++++ Source material ++++

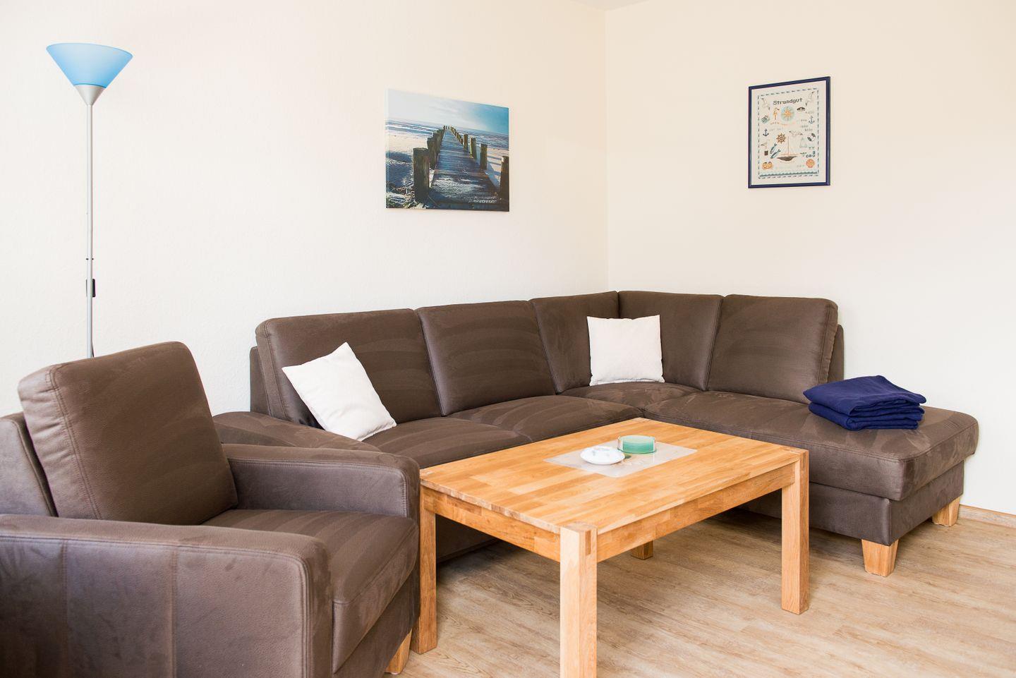 Ein Wohnzimmer, 2 Schlafzimmer jeweils mit Doppelbett und eins davon mit zusätzlichen Kinderbett und zwei Badezimmer - ein Duschbad und ein Vollbad - sorgen für entspannte Urlaubstage.
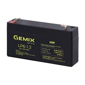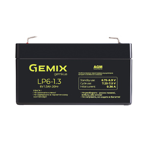 Свинцево-кислотна акумуляторна батарея Gemix серії LP. Скловолоконний абсорбуючий сепаратор (технологія AGM), вбирає електроліт та зменшує корозію електрода, ефективно збільшує термін служби та стійкість батарей. Батареї переносять перерозряд, перезаряд та вібрацію, а також допускають тривале зберігання. Використання товстих і важких свинцево-кальцієвих пластин дозволяє досягти високої надійності роботи та тривалого терміну служби батарей у режимах постійної підзарядки та циклічного використання.
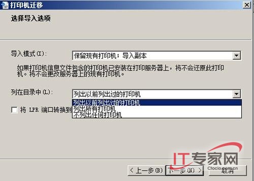 需要注意的是,在“选择导入选项”页面中,有两个选项分别是:“保留现有打印机:导入副本”,如果选择该项,则现有打印队列和要导入的队列名称相同,向导将会创建副本,以确保原来的打印队列和导入的队列都可用。“覆盖现有打印机”,如果选择该项,现有打印队列和要导入的队列名称相同,向导会使用导入的队列覆盖现有的队列。对于这两个选项,大家可以根据需要进行选择,一般情况下我们选择“覆盖现有打印机”。此外,在“选择导入选项”页面的“列在目录中”下拉列表中有三选项,需要说明一下:“列出以前列出过的打印机”,如果选择该项可以确保只有以前列出过的打印机可以被列在Active Directory中。“列出所有打印机”,选择该项可以确保所有打印机都被列在Active Directory中。“不列出打印机”,选择该选项可以确保Active Directory中不列出该打印机。当然,如果导入错误我们可以单击“打开事件查看器”根据事件记录进行排错。(图6)

++++

The whole listing above should be restated word for word, minus any images.

 Ein Wohnzimmer, 2 Schlafzimmer jeweils mit Doppelbett und eins davon mit zusätzlichen Kinderbett und zwei Badezimmer - ein Duschbad und ein Vollbad - sorgen für entspannte Urlaubstage.
 Свинцево-кислотна акумуляторна батарея Gemix серії LP. Скловолоконний абсорбуючий сепаратор (технологія AGM), вбирає електроліт та зменшує корозію електрода, ефективно збільшує термін служби та стійкість батарей. Батареї переносять перерозряд, перезаряд та вібрацію, а також допускають тривале зберігання. Використання товстих і важких свинцево-кальцієвих пластин дозволяє досягти високої надійності роботи та тривалого терміну служби батарей у режимах постійної підзарядки та циклічного використання.
 需要注意的是,在“选择导入选项”页面中,有两个选项分别是:“保留现有打印机:导入副本”,如果选择该项,则现有打印队列和要导入的队列名称相同,向导将会创建副本,以确保原来的打印队列和导入的队列都可用。“覆盖现有打印机”,如果选择该项,现有打印队列和要导入的队列名称相同,向导会使用导入的队列覆盖现有的队列。对于这两个选项,大家可以根据需要进行选择,一般情况下我们选择“覆盖现有打印机”。此外,在“选择导入选项”页面的“列在目录中”下拉列表中有三选项,需要说明一下:“列出以前列出过的打印机”,如果选择该项可以确保只有以前列出过的打印机可以被列在Active Directory中。“列出所有打印机”,选择该项可以确保所有打印机都被列在Active Directory中。“不列出打印机”,选择该选项可以确保Active Directory中不列出该打印机。当然,如果导入错误我们可以单击“打开事件查看器”根据事件记录进行排错。(图6)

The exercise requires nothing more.